### Task material
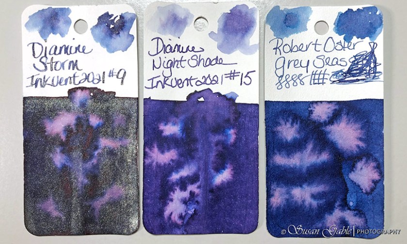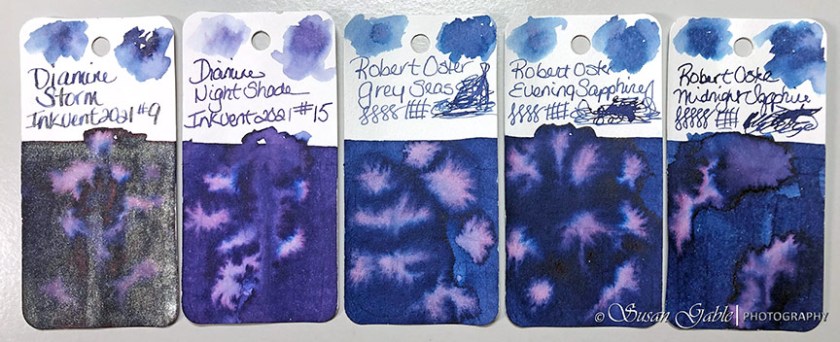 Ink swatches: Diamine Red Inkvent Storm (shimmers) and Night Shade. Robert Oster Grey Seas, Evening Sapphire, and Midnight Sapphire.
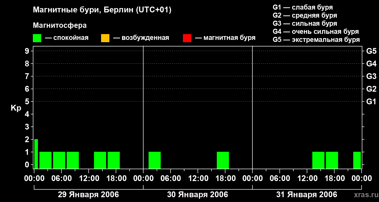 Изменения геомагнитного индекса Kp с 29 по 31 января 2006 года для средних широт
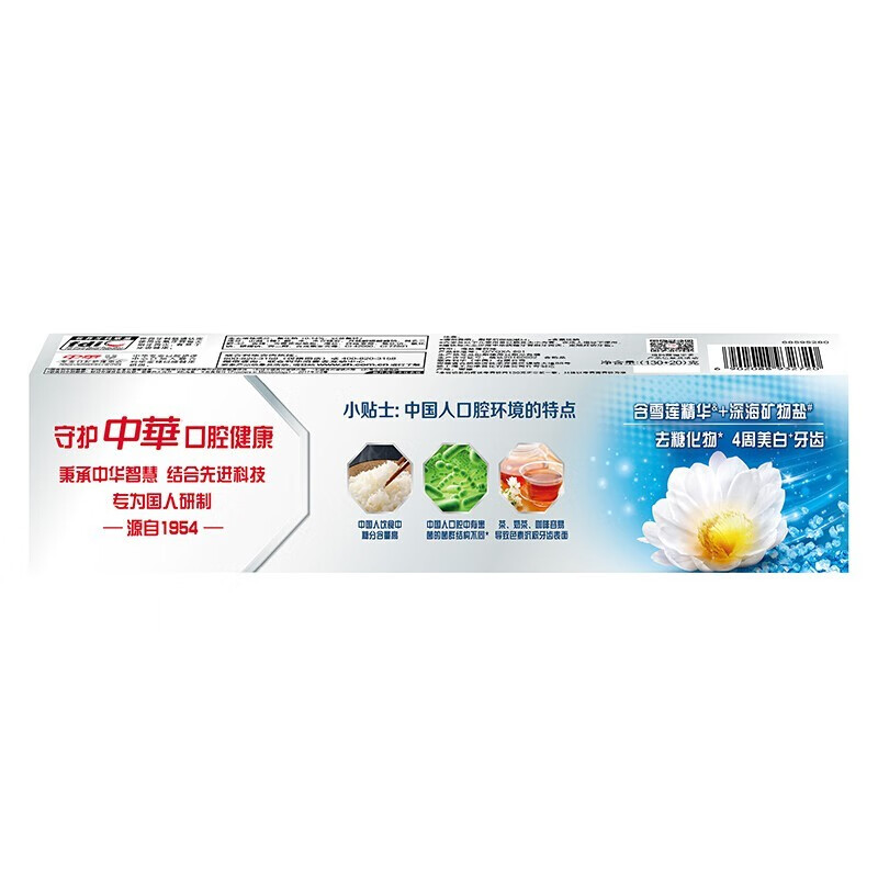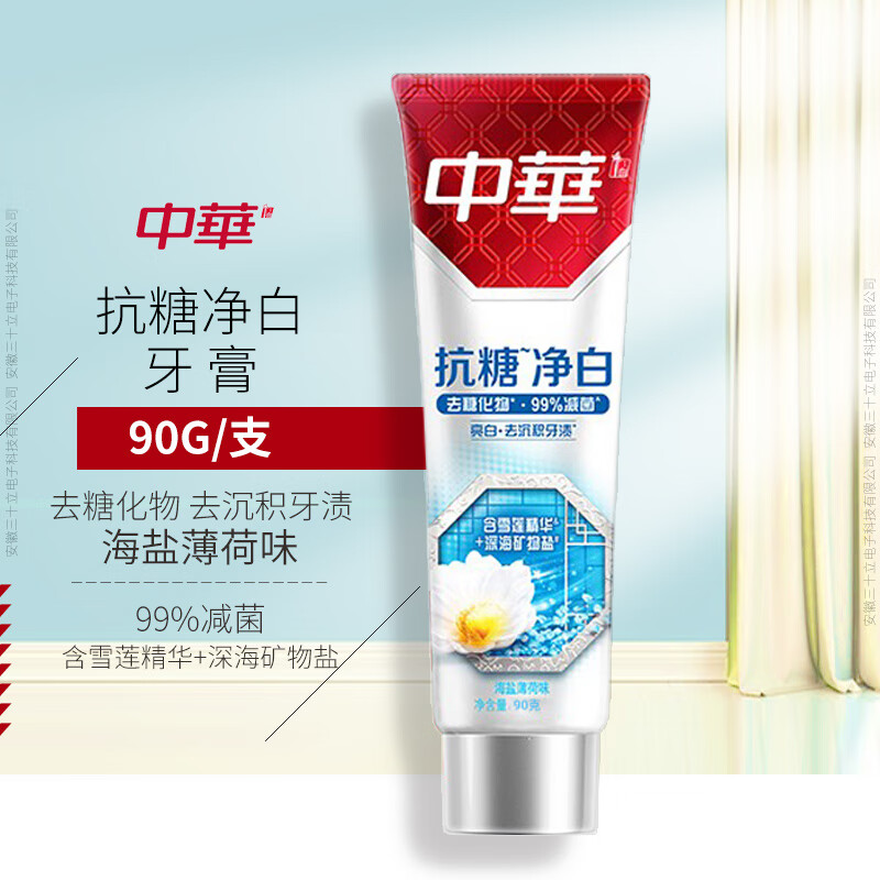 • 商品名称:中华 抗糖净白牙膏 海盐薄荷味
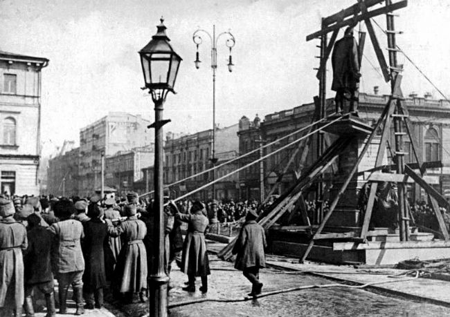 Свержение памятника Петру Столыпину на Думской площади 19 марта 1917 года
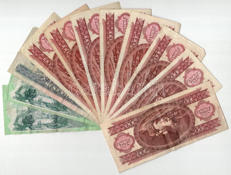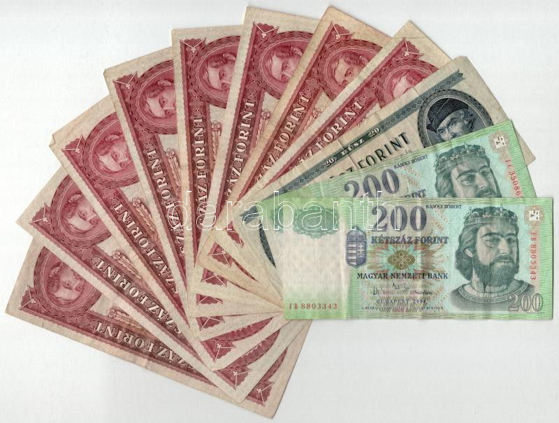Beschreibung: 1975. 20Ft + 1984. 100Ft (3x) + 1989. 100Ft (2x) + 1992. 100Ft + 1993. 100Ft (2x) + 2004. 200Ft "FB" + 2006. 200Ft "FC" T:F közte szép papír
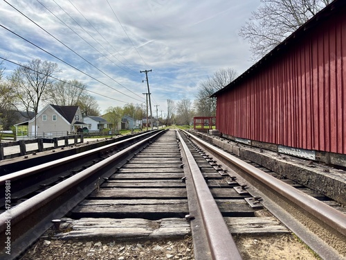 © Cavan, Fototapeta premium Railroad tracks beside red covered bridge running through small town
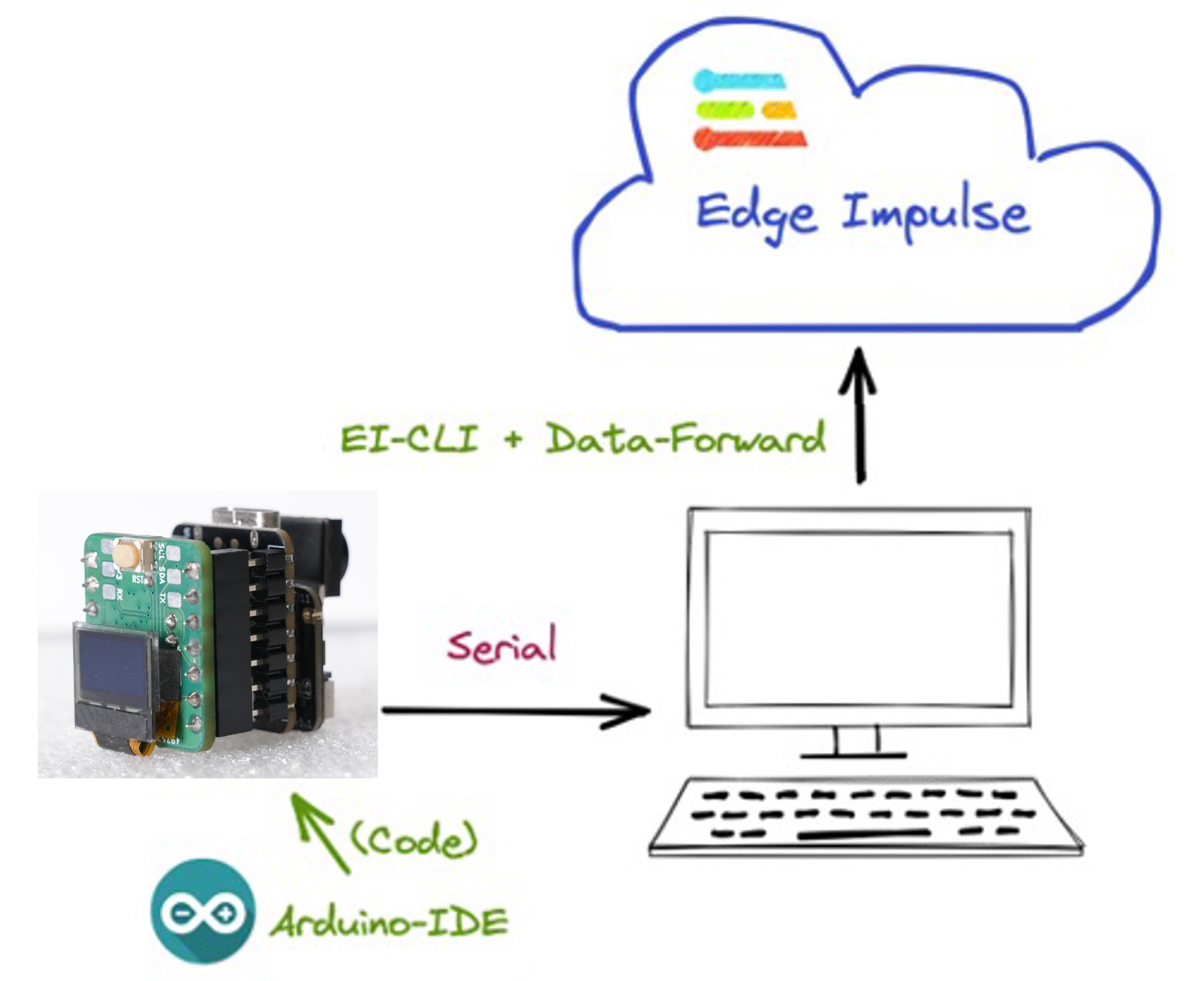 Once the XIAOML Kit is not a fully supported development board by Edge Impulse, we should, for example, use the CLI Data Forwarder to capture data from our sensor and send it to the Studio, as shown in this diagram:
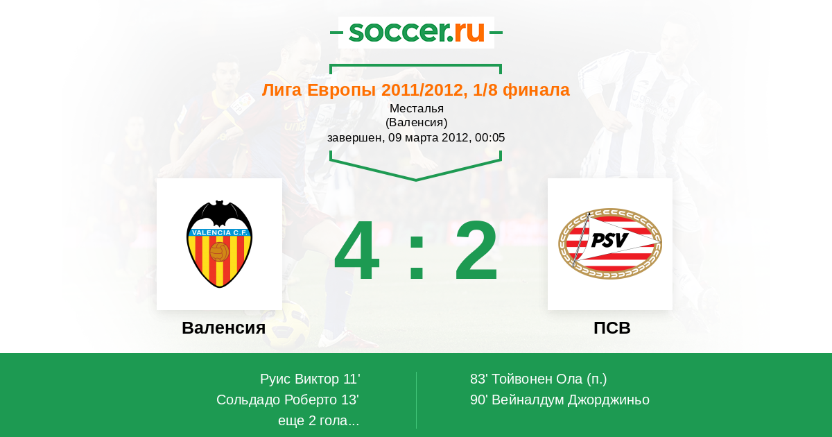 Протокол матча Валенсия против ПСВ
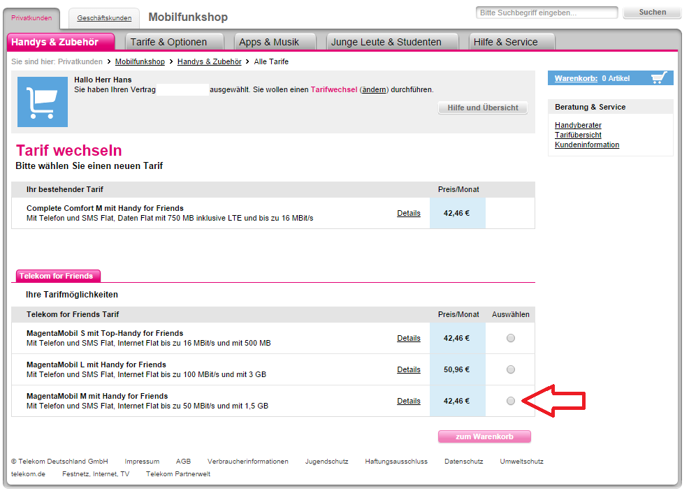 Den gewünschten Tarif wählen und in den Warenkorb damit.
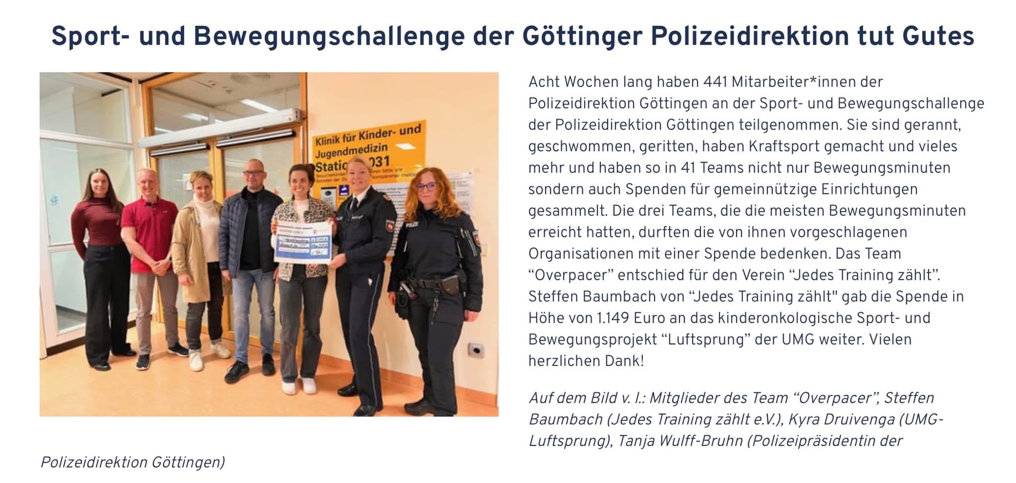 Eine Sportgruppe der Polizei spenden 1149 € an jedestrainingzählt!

### What needs to be done
In the copy, no pictures should appear; the records themselves must be repeated exactly.

### Solution for this task
 Ink swatches: Diamine Red Inkvent Storm (shimmers) and Night Shade. Robert Oster Grey Seas, Evening Sapphire, and Midnight Sapphire.
 Изменения геомагнитного индекса Kp с 29 по 31 января 2006 года для средних широт
 • 商品名称:中华 抗糖净白牙膏 海盐薄荷味
 Свержение памятника Петру Столыпину на Думской площади 19 марта 1917 года
Beschreibung: 1975. 20Ft + 1984. 100Ft (3x) + 1989. 100Ft (2x) + 1992. 100Ft + 1993. 100Ft (2x) + 2004. 200Ft "FB" + 2006. 200Ft "FC" T:F közte szép papír
 © Cavan, Fototapeta premium Railroad tracks beside red covered bridge running through small town
 Once the XIAOML Kit is not a fully supported development board by Edge Impulse, we should, for example, use the CLI Data Forwarder to capture data from our sensor and send it to the Studio, as shown in this diagram:
 Протокол матча Валенсия против ПСВ
 Den gewünschten Tarif wählen und in den Warenkorb damit.
 Eine Sportgruppe der Polizei spenden 1149 € an jedestrainingzählt!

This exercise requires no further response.